_Records for this task_
########
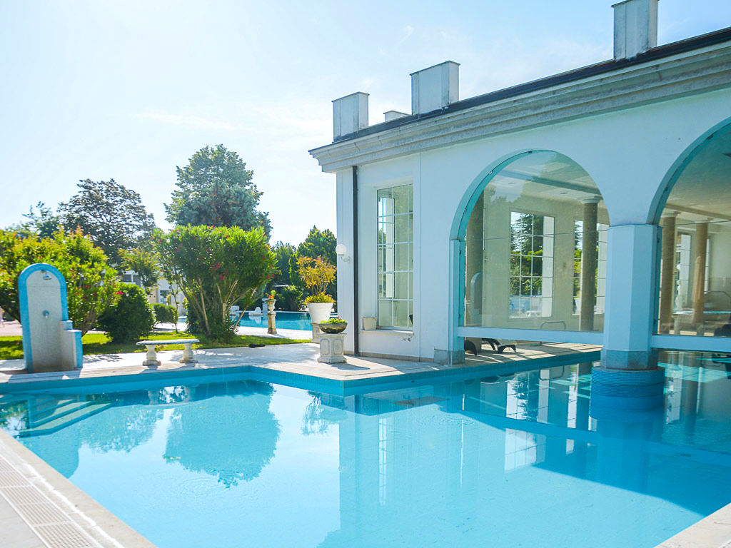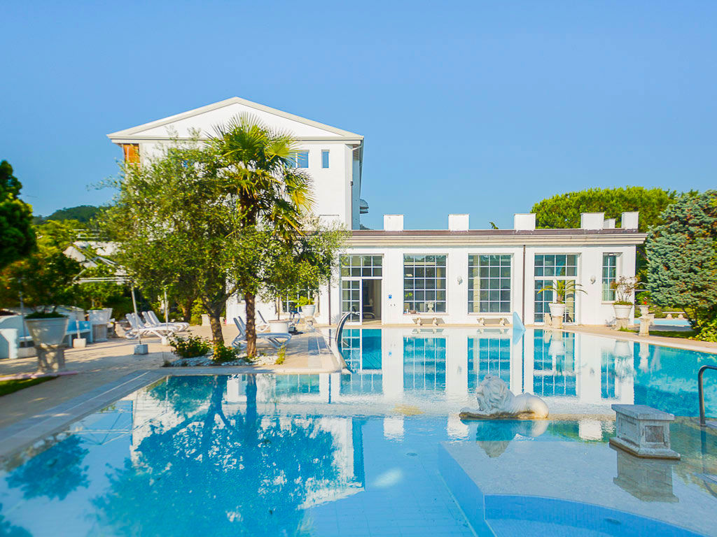 Servizi A disposizione degli ospiti reception 24h, ascensore, servizio facchinaggio, deposito e noleggio biciclette (gratuito) secondo disponibiliità, bar, ristorante, sala TV, giardino, connessione Wi-Fi nelle aree comuni (gratuita), parcheggio secondo disponibilità (gratuito), culla per infant 0-3 anni non compiuti su richiesta alla prenotazione secondo disponibilità (15 euro al giorno da pagare in loco) centro benessere con piscina termale coperta, idromassaggi, sauna con sale rosa dell'Himalaya, bagno turcoCamere
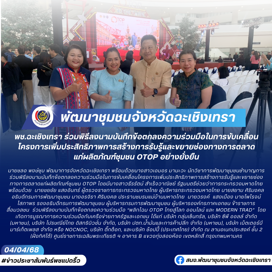 ✨นายชลอ พงษ์ชุบ พัฒนาการจังหวัดฉะเชิงเทรา พร้อมด้วยนางสาวเอมอร มานะวะ นักวิชาการพัฒนาชุมชนชำนาญการ ร่วมพิธีลงนามบันทึกข้อตกลงความร่วมมือในการขับเคลื่อนโครงการเพิ่มประสิทธิภาพการสร้างการรับรู้และขยายช่องทางการตลาดแก่ผลิตภัณฑ์ชุมชน OTOP โดยมีนางสาวธีรรัตน์ สำเร็จวาณิชย์ รัฐมนตรีช่วยว่าการกระทรวงมหาดไทย พร้อมด้วย นายชยชัย แสงอินทร์ ผู้ตรวจราชการกระทรวงมหาดไทย ผู้บริหารกระทรวงมหาดไทย นายสยาม ศิริมงคล อธิบดีกรมการพัฒนาชุมชน นางอรจิรา ศิริมงคล ประธานชมรมแม่บ้านมหาดไทย นายวรงค์ แสงเมือง นายไพโรจน์ โสภาพร รองอธิบดีกรมการพัฒนาชุมชน ผู้บริหารกรมการพัฒนาชุมชน ผู้บริหารองค์กรภาคเอกชน ข้าราชการ สื่อมวลชน ร่วมพิธีลงนามบันทึกข้อตกลงความร่วมมือ “พลิกโฉม OTOP ไทยสู่โลก ออนไลน์ และ Modern Trad” โดยเกิดการบูรณาการความร่วมมือกับเครือข่ายภาครัฐและเอกชน ได้แก่ บริษัท กลุ่มเซ็นทรัล, บริษัท ซีพี ออลล์ จำกัด (มหาชน), บริษัท ไปรษณีย์ไทย ดิสทริบิวชั่น จำกัด, บริษัท ปตท.น้ำมันและการค้าปลีก จำกัด (มหาชน), บริษัท เบ็ตเตอร์บี มาร์เก็ตเพลส จำกัด หรือ NocNoc, บริษัท ติ๊กต็อก, และบริษัท ช้อปปี้ (ประเทศไทย) จำกัด ณ ลานอเนกประสงค์ ชั้น 2 (ฝั่งทิศใต้) ศูนย์ราชการเฉลิมพระเกียรติ ฯ อาคาร B แขวงทุ่งสองห้อง เขตหลักสี่ กรุงเทพมหานคร
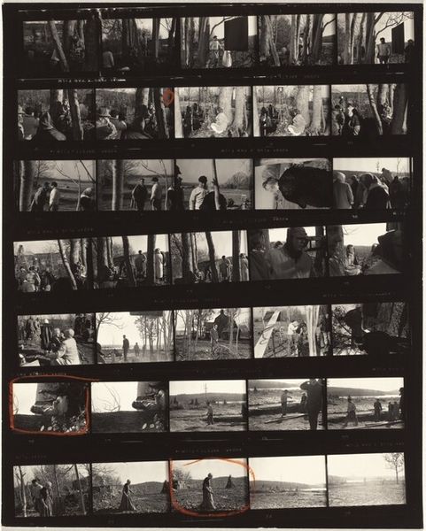 Robert Frank made "Italy 9," a black and white photograph, to experiment with how pictures can be arranged in a sequence. It’s a contact sheet, the kind photographers use to see all their shots at once; it’s usually a step on the way to making a final print, but here it’s the artwork itself. There’s this great moment in the bottom left, with someone flying through the air on a swing. The image is blurred, so you can really feel the speed and the joy of that split second. It's like Frank is capturing a feeling more than a specific image. By showing us the whole roll, Frank lets us see his process. It becomes clear how photographs build on each other and change the way we see. Think about how Sherrie Levine used Frank's work, re-photographing his images to ask questions about authorship and originality. It shows how one artist's work becomes a conversation for others.
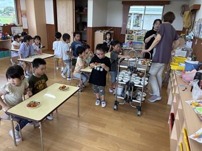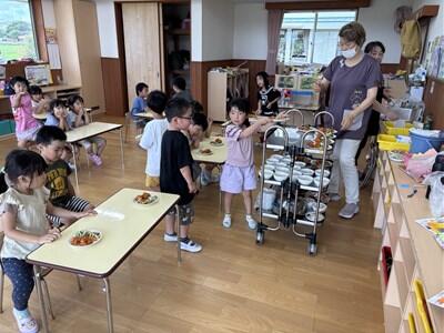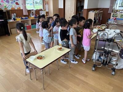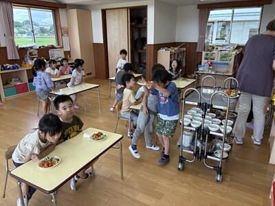 いつもよりちょっと早く見に行ったら、給食の準備中でした
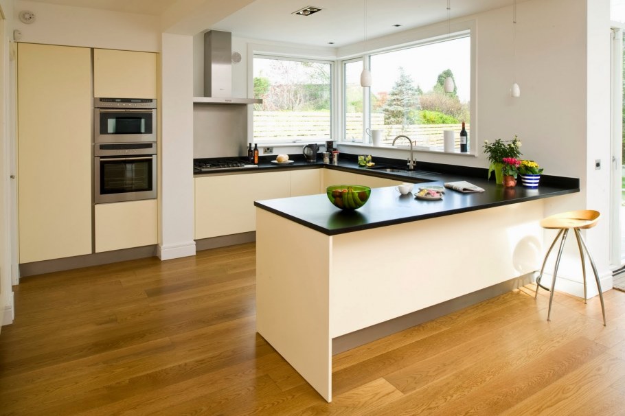 Бежевая кухня с деревянной столешницей в интерьере (41 фото)
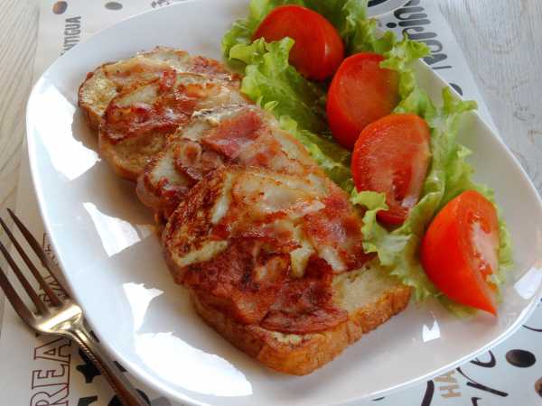 В сковороде разогреть растительное масло и обжарить ломтик хлеба с одной стороны.
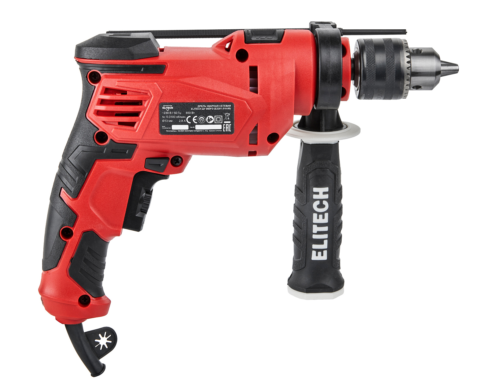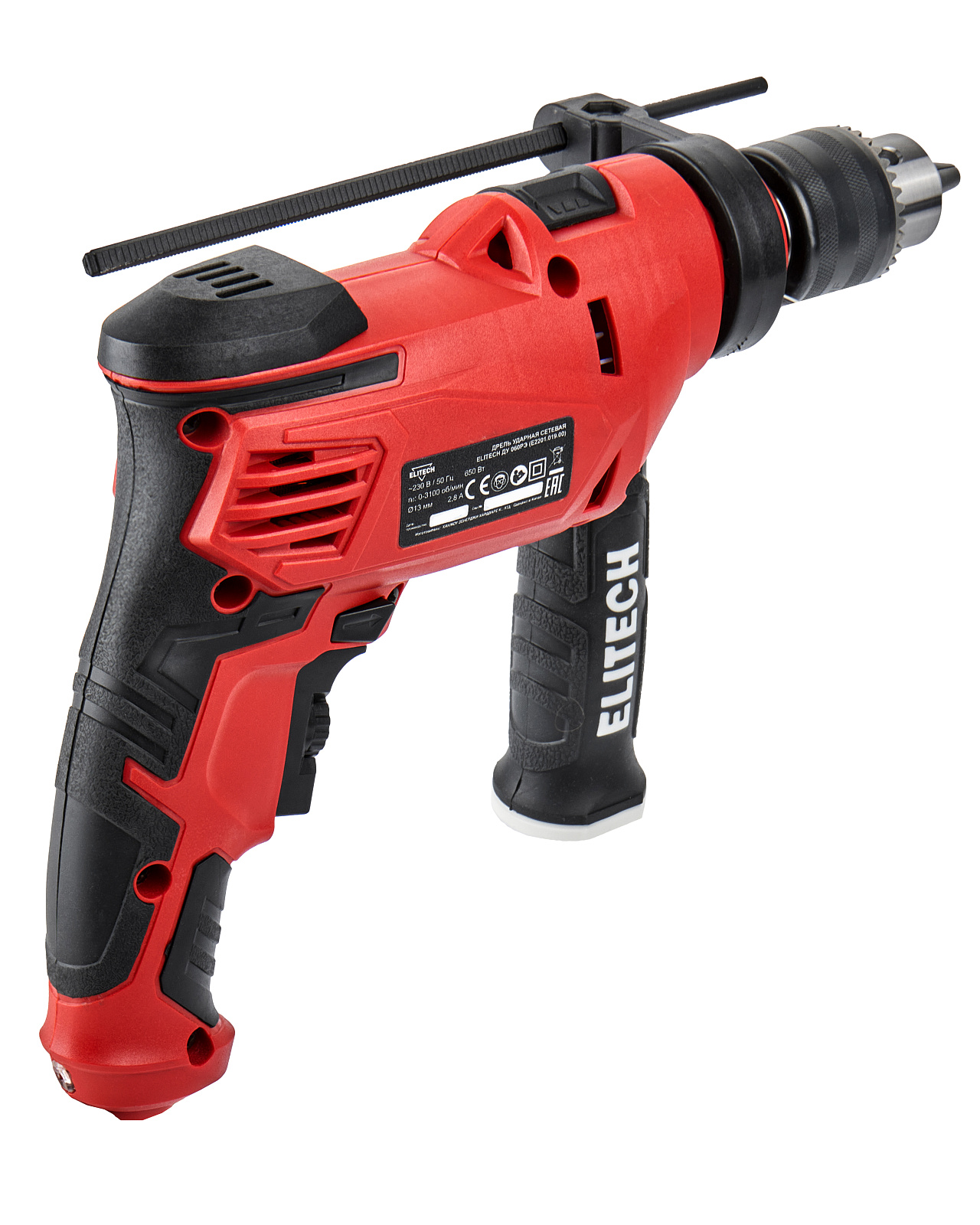 Дрель сетевая ударная ELITECH ДМ ДУ 060РЭ (E2201.019.00). Предназначена для сверления отверстий в дереве, гипсокартоне, керамической плитке, металле, пластмассе, кирпиче, бетоне и других производных материалах. В качестве рабочей насадки для режима сверления используется сверло соответствующего типа (по дереву, по металлу и т.д.), для режима сверление с ударом используется специальное сверло с твердосплавным наконечником.
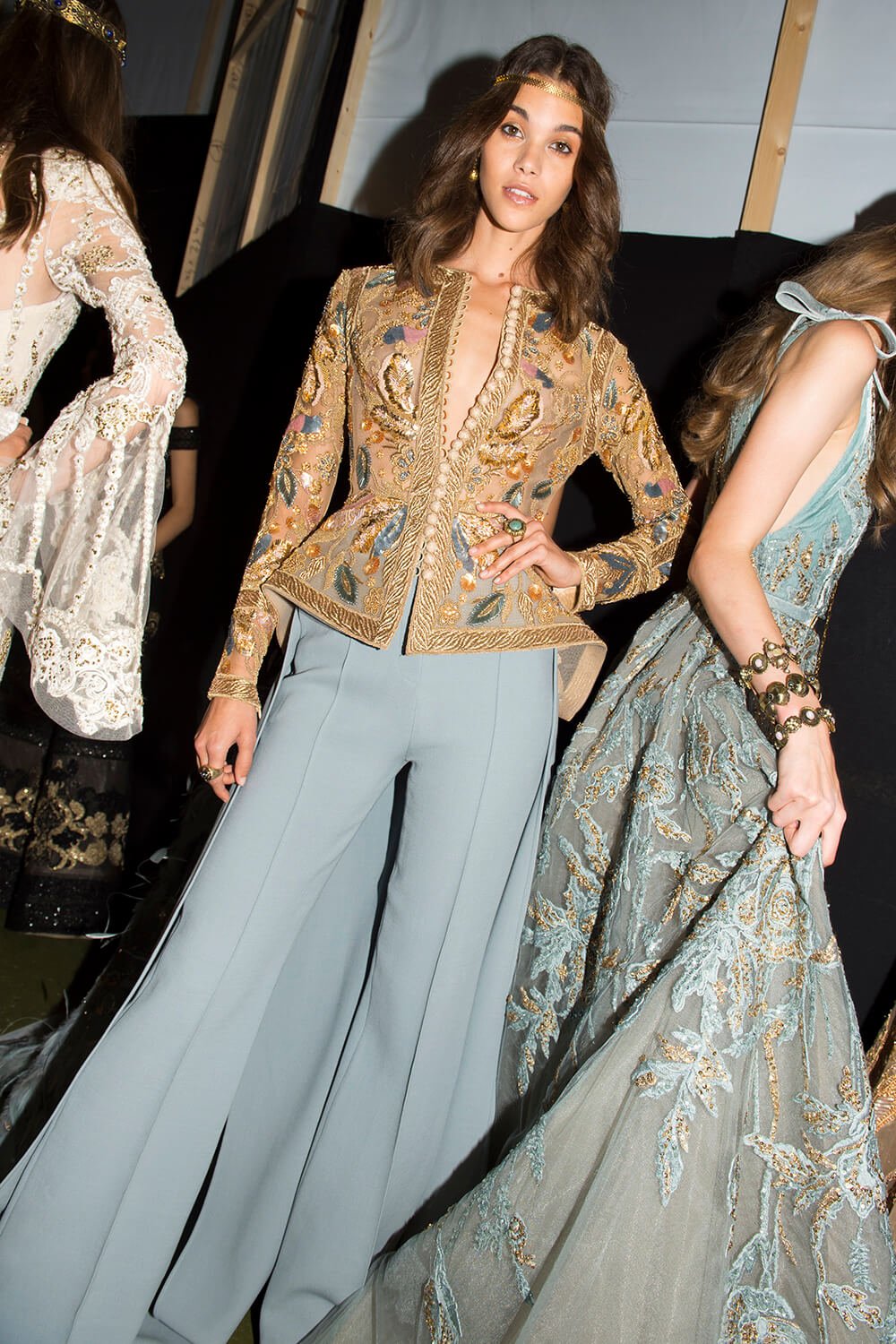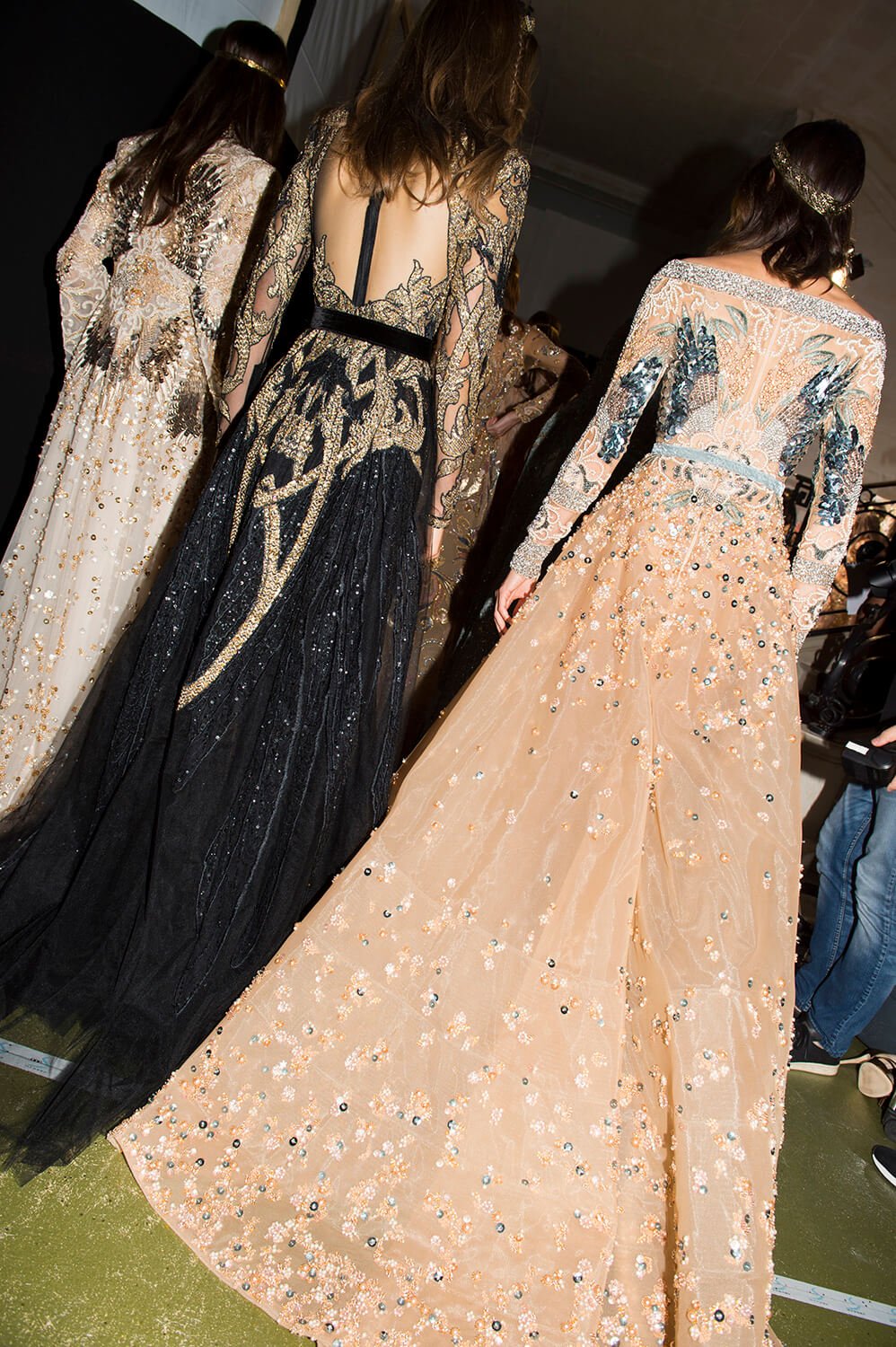 And what better at to bid battle than in yards of chiffon, mouseline and tulle? Because Elie Saab is, and always will be, about fantasy gowns – but here they were toughened up with beaded bodices that cinched the waist, or long overcoats with flared bell sleeves. Something about the fit of the gown suggested armour, sculpting the girl’s bodies and long in the arms, plunging at the neckline. It finished, as an Elie Saab couture show always does, with a bride – this time in gold, hooded and with a train so long that it took two models to carry it after her. If you can’t do a two-man train at couture, when can you?
########
_Work to complete_
The result is an exact copy of the lines from the one holding "いつもよりちょっと早く見に行ったら、給食の準備中でした" through the final line of the data above, both ends included, minus the pictures.

_Task solution_
 いつもよりちょっと早く見に行ったら、給食の準備中でした
 Бежевая кухня с деревянной столешницей в интерьере (41 фото)
 В сковороде разогреть растительное масло и обжарить ломтик хлеба с одной стороны.
 Дрель сетевая ударная ELITECH ДМ ДУ 060РЭ (E2201.019.00). Предназначена для сверления отверстий в дереве, гипсокартоне, керамической плитке, металле, пластмассе, кирпиче, бетоне и других производных материалах. В качестве рабочей насадки для режима сверления используется сверло соответствующего типа (по дереву, по металлу и т.д.), для режима сверление с ударом используется специальное сверло с твердосплавным наконечником.
 And what better at to bid battle than in yards of chiffon, mouseline and tulle? Because Elie Saab is, and always will be, about fantasy gowns – but here they were toughened up with beaded bodices that cinched the waist, or long overcoats with flared bell sleeves. Something about the fit of the gown suggested armour, sculpting the girl’s bodies and long in the arms, plunging at the neckline. It finished, as an Elie Saab couture show always does, with a bride – this time in gold, hooded and with a train so long that it took two models to carry it after her. If you can’t do a two-man train at couture, when can you?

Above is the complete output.